Thanks for the encouragement, Julian. As a matter of fact, I
had written up more on the definition, but had intended to hold
off until after relese 1.6, assuming that things would ease up
after that. However, I will send what I have prepared now,
and would welcome any comments.
The following text would belong somewhere early in a revised
functional specification for obliteration:
-------------------------------------------------
DEFINITION OF THE OBLITERATION OPERATION
An OBLITERATION SET is defined by a list of PATH@REVISON elements
(that is, each element is a pair, consisting of a PATH and REVISION).
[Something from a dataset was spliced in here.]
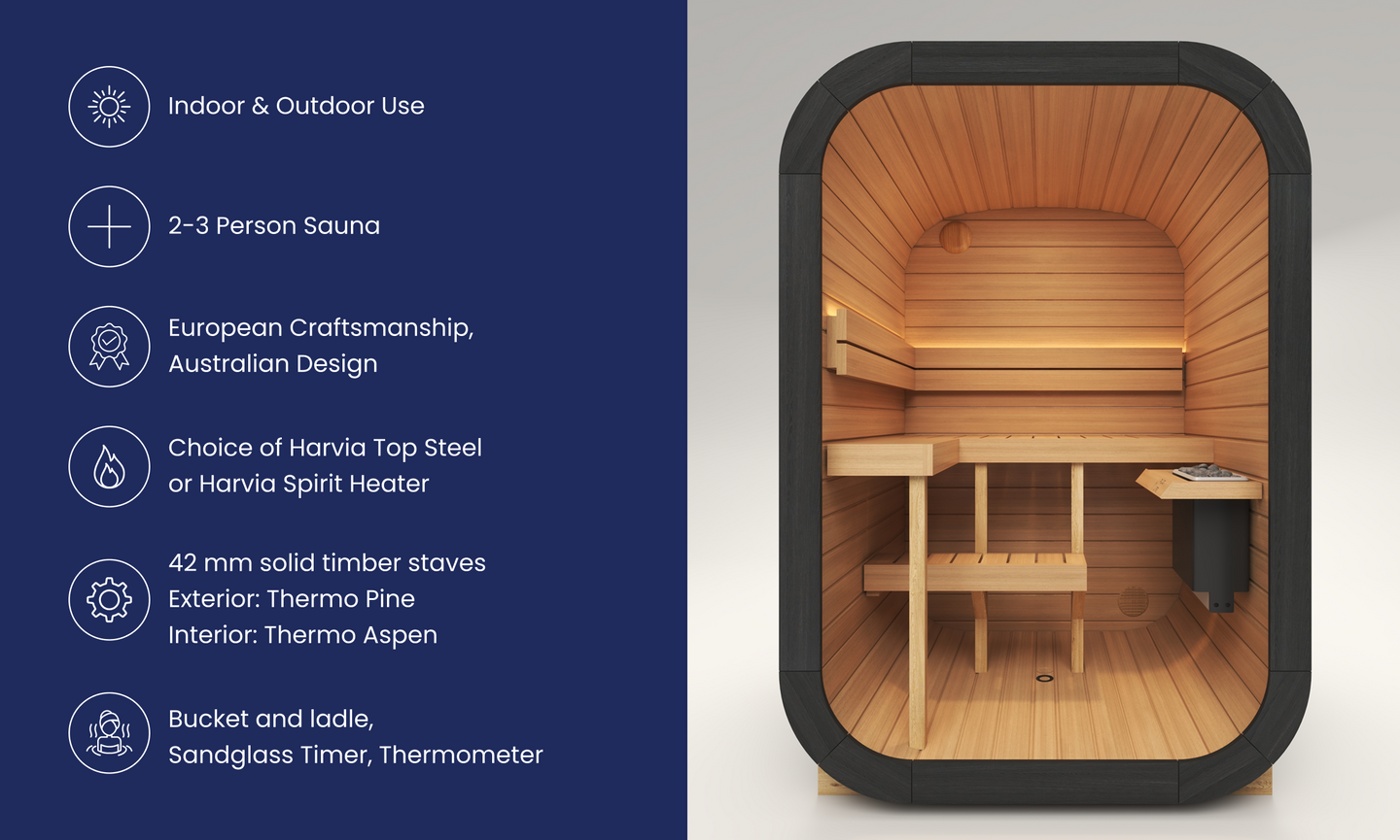 Handcrafted in Europe, the birthplace of sauna culture, our saunas combine generations of craftsmanship with modern Australian design. Built by skilled artisans using sustainably sourced, heat-treated timbers, each unit embodies authentic performance, durability, and European refinement.

The same PATH can be paired with multiple REVISIONS to form
multiple elements and vice versa.
Note: The set is restricted so that if, for a given REVISION,
PATH@REVISION is part of the OBLITERATION SET, any element of
the of the form [PATH/RELATIVEPATH]@REVISION is also part of
the set. (This simply means that if a directory change is
obliterated in a revision, all changes to its contents must
also be obliterated in the same revision).
[Note on the note. Perhaps this restriction can be lifted.
However, it seems that doing so would greatly complicate
both the behavior and implementation of the operation,
without much benefit.]
An ORIGINAL repository is a repository to which an OBLITERATION
operation could be applied, but has not (this includes any
subversion repository without obliterations).
A MODIFIED repository is a repository which is identical to the
ORIGINAL but for which an OBLITERATION SET has been defined and
an OBLITERATION operation has been applied.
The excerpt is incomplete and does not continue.